Entries taken from a collection
○ ○ ○ ○ ○ ○ ○

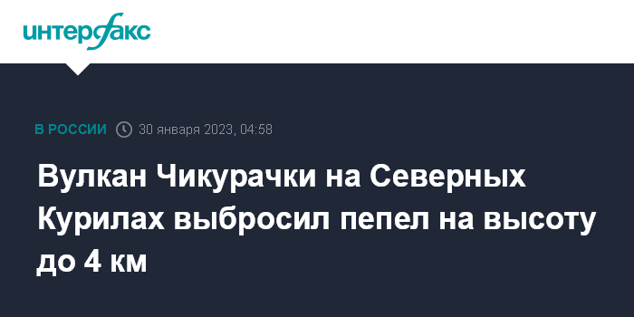 Москва. 30 января. INTERFAX.RU - Вулкан Чикурачки на курильском острове Парамушир (северные Курилы Сахалинской области) вновь активизировался - днем в понедельник на нем зарегистрирован пепловый выброс на высоту до 4 км, сообщается на сайте Камчатской группы реагирования на вулканические извержения (KVERT) Института вулканологии и сейсмологии ДВО РАН.
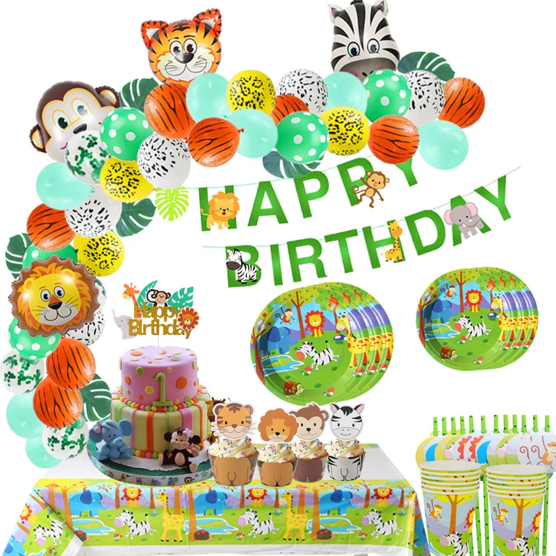 Джунгли вечерние воздушный шар из фольги в виде животного баннером сафари на день рождения вечерние украшения детские одноразовые вечерние столовые приборы
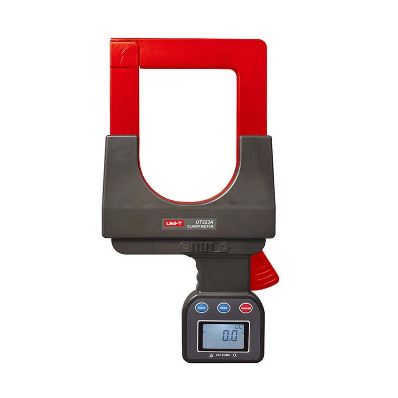 UT223A 大口径钳形电流表 UT223A大口径钳形电流表是专为测量交流电流、电流而精心设计制造的,采用**CT技术及数字集成技术,大口径(108mm×148mm:可钳φ108mm电缆或160mm×4mm扁钢地线,广泛用于电缆漏电及变压器接地扁钢漏电电流检测。 | UT223A产品主要特点 泄漏电流量程:AC 0.0A~4000A 钳口开口尺寸108mm×148mm,并配有锁栓(锁住钳头不能张开) 4位LCD数字显示,自带背光适用于昏暗场所使用 自动量程,每秒2次采样速率 PEAK测试:冲击电流峰值保持功能 可手动储存/查阅多达99组数据 含RS232接口,实现所存数据上传电脑,便于保存分析数据 数据保持功能,方便保持测量结果,随时读取 自动关机,降低电池消耗 过量程提示、低电压提示 |
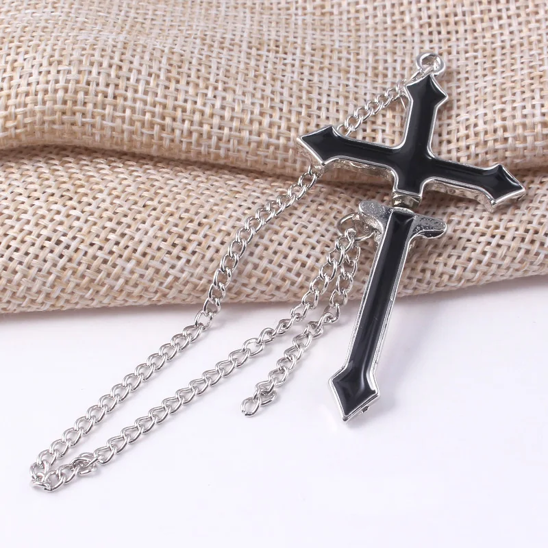 Серьги-подвески женские, черные, в стиле панк, с крестом, на длинно...
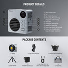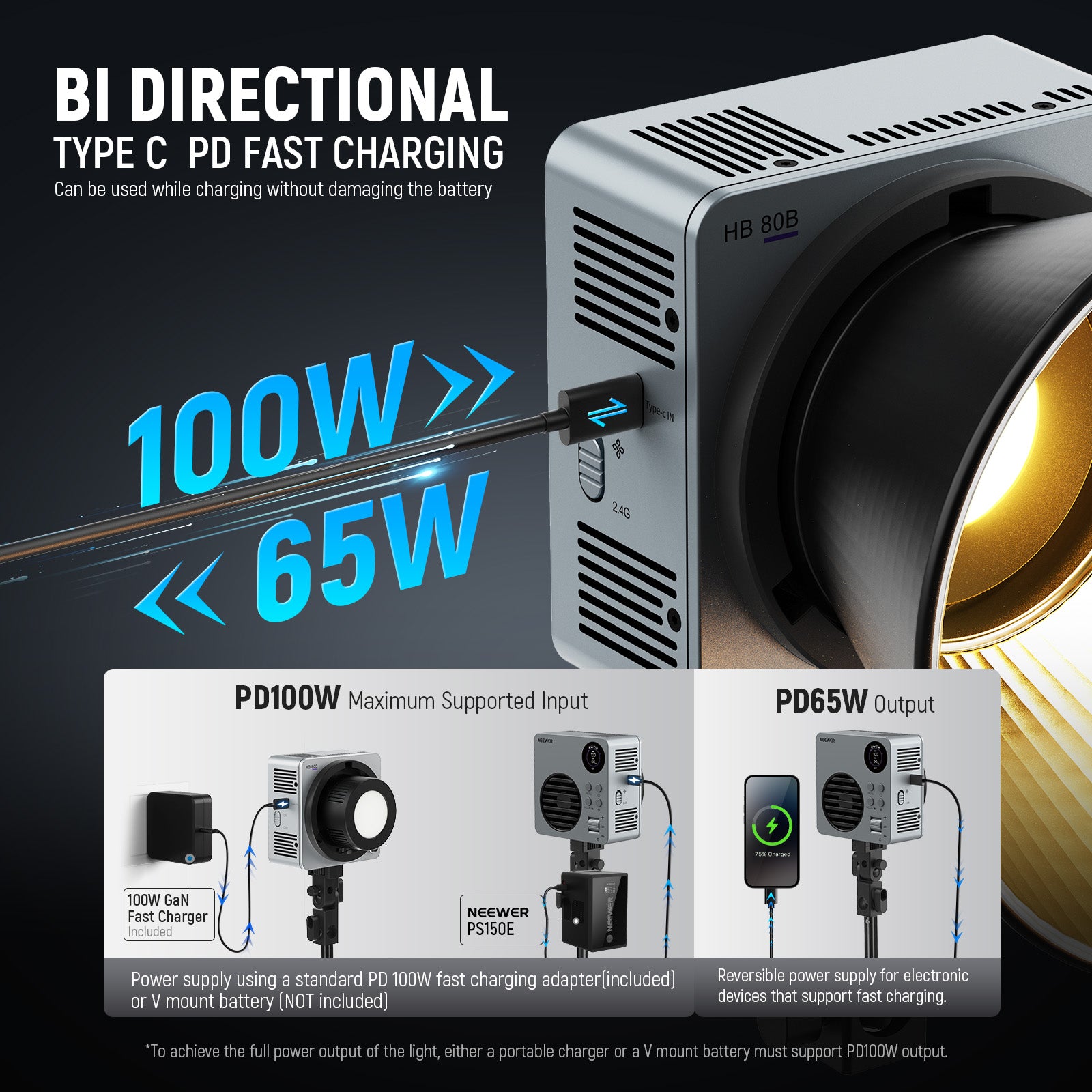 - 3 Fan Modes & Type C PD Fast Charging- The cooling fan has 3 modes: Mute (5W)/Regular (60W)/Booster (80W). Mute mode lasts approx. 1h 34min, Regular mode lasts 1h 14min at 100% brightness, Booster mode requires a PD100W adapter (NOT Included). The type C bidirectional port supports max PD 100W input and PD 60W output, allowing for a full charge in 2 hours when powered by a PD 60W or higher input. You can use the light while charging without damaging the battery
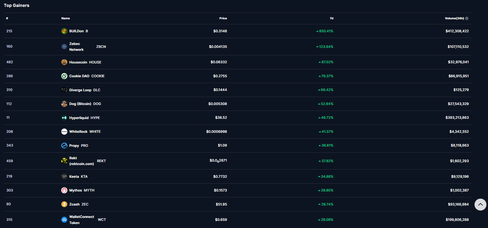 B’de yaşanan 10 kata yakın rallinin yanı sıra ZBCN‘nin de bu hafta %100’den fazla değer kazandığı görüldü. Ayrıca HOUSE, COOKIE, DLC, DOG ve HYPE‘ın da bu haftanın en çok kazandıranları listesinde yer alması dikkat çekti.
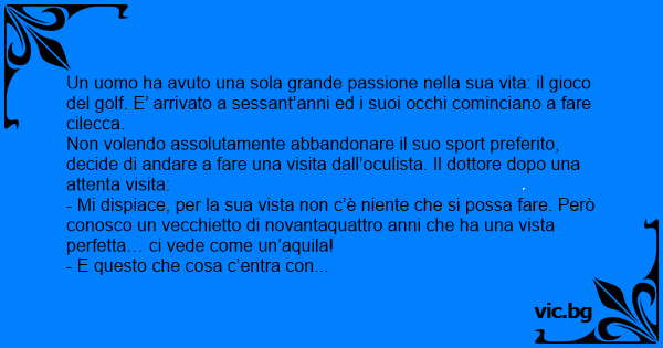 - Mi dispiace, per la sua vista non c’è niente che si possa fare. Però conosco un vecchietto di novantaquattro anni che ha una vista perfetta… ci vede come un’aquila!

○ ○ ○ ○ ○ ○ ○

Required work
A word-for-word copy is needed of the lines from the line holding "Серьги-подвески женские, черные, в" through the end of the records, both included, excluding every picture.

Exercise output
 Серьги-подвески женские, черные, в стиле панк, с крестом, на длинно...
 - 3 Fan Modes & Type C PD Fast Charging- The cooling fan has 3 modes: Mute (5W)/Regular (60W)/Booster (80W). Mute mode lasts approx. 1h 34min, Regular mode lasts 1h 14min at 100% brightness, Booster mode requires a PD100W adapter (NOT Included). The type C bidirectional port supports max PD 100W input and PD 60W output, allowing for a full charge in 2 hours when powered by a PD 60W or higher input. You can use the light while charging without damaging the battery
 B’de yaşanan 10 kata yakın rallinin yanı sıra ZBCN‘nin de bu hafta %100’den fazla değer kazandığı görüldü. Ayrıca HOUSE, COOKIE, DLC, DOG ve HYPE‘ın da bu haftanın en çok kazandıranları listesinde yer alması dikkat çekti.
 - Mi dispiace, per la sua vista non c’è niente che si possa fare. Però conosco un vecchietto di novantaquattro anni che ha una vista perfetta… ci vede come un’aquila!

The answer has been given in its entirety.